Is this error still popping up with TF Record files? Usually TransientErrors are minor network issues that automatically get resolved after a while.

Please let me know if this error still persists and I will dig in further into what might be happening here in that case.

Thanks,
Ramit

Hi @drlje,

We wanted to follow up with you regarding this issue as we have not heard back from you. Please let us know if we can be of further assistance or if your issue has been resolved.

Thanks,
Ramit

Hi @drlje,

Since we have not heard back from you, I am closing out this request. If you would like to re-open this conversation, please let us know!

Thanks,
Ramit

Hello @ramit_goolry ,

Sorry for not being prompt. I tried again and I got the same error. However, I also tries doing this on a small fraction of data (also saved as a TFRecords) and it went through. So I am guessing this has something to do with the size - the total size of my files is around 10gb. Do you think that could be the issue?

Thanks a lot!

Marin

Hi @ramit_goolry,

Do you have a feedback regarding the limit size of the files being uploaded? We are thinking to upgrade our account and this issue is really important for us.

Thanks!

Marin

Hi,

Could you please re-look at this issue - I have left additional comment a while ago, and in a couple of days we will face this issue again, so I would love to get to the bottom of it.

https://community.wandb.ai/t/adding-tfrecords-files-to-artifacts-doesnt-work/1948/6

Thanks!

Marin

Hi @drlje,

I’m sorry about not responding here sooner. I’m sorry to hear you are still facing this issue, and I will definitely assist you here. You said you are seeing an error with a lot of data : Could you share a little bit more information about the structure of this data and the behavior you see? More specifically:

  • How many files do you have?
  • Are you seeing a lot of time delay before these errors show up?
  • Could you try uploading this same scale of information but using some other file format? (like a set of .txt files)

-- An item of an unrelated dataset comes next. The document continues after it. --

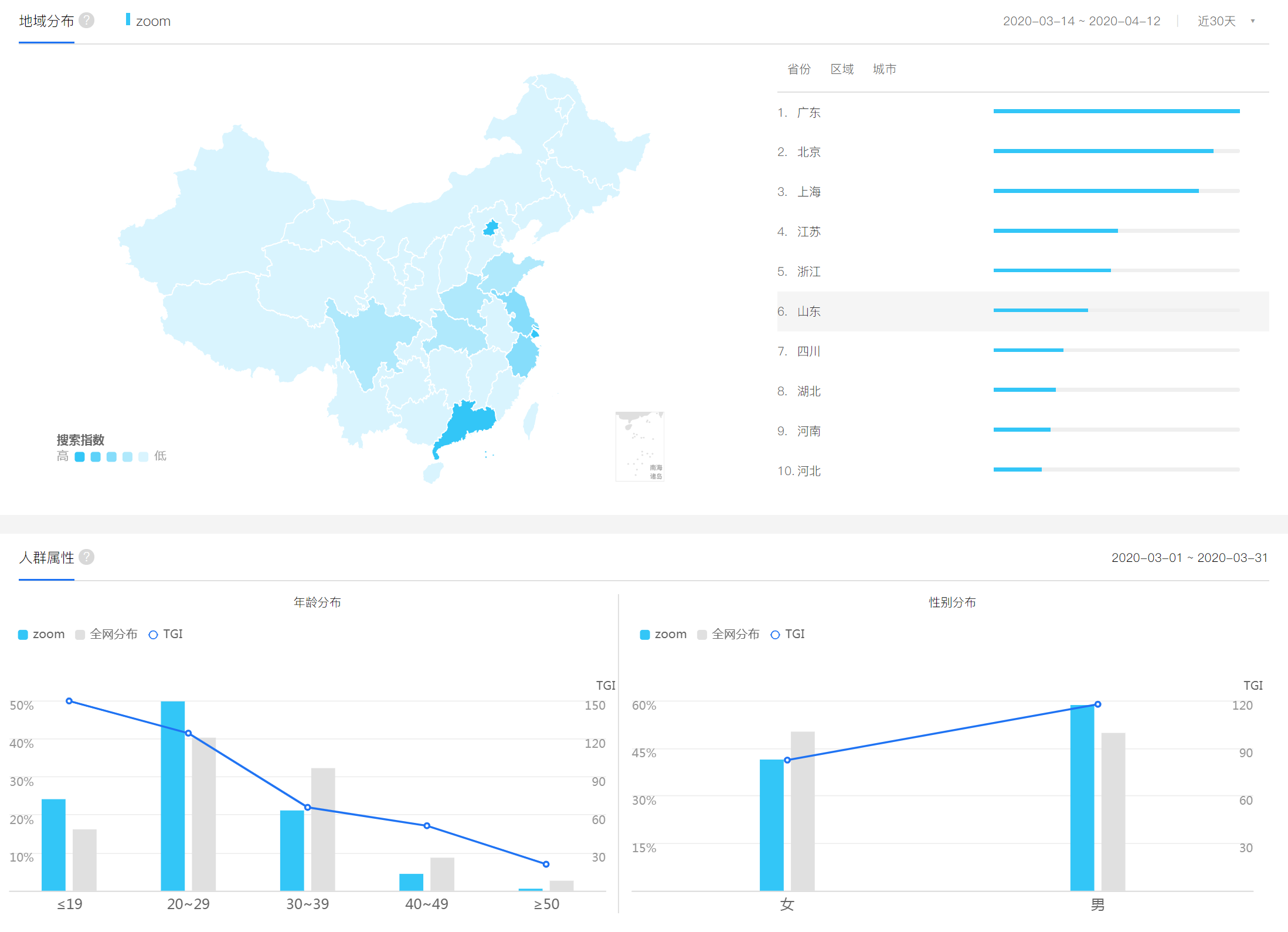 Zoom用户主要集中在珠三角、长三角、北京,这主要是因为这些地方经济发达,大小公司及劳动力主要集中在这些地区。

Additionally, the debug.log and debug-internal.log files associated with the run where you are facing this issue would be highly appreciated since it would give us some more visibility into this issue.

Thanks,
Ramit

Hi @ramit_goolry,

In reproducing the issue today, the artifact was saved without any problems; so I guess the issue can be closed. If we experience the same problematic again, I will follow the steps above and supply you with the log files.

Many thanks!

Best,

Marin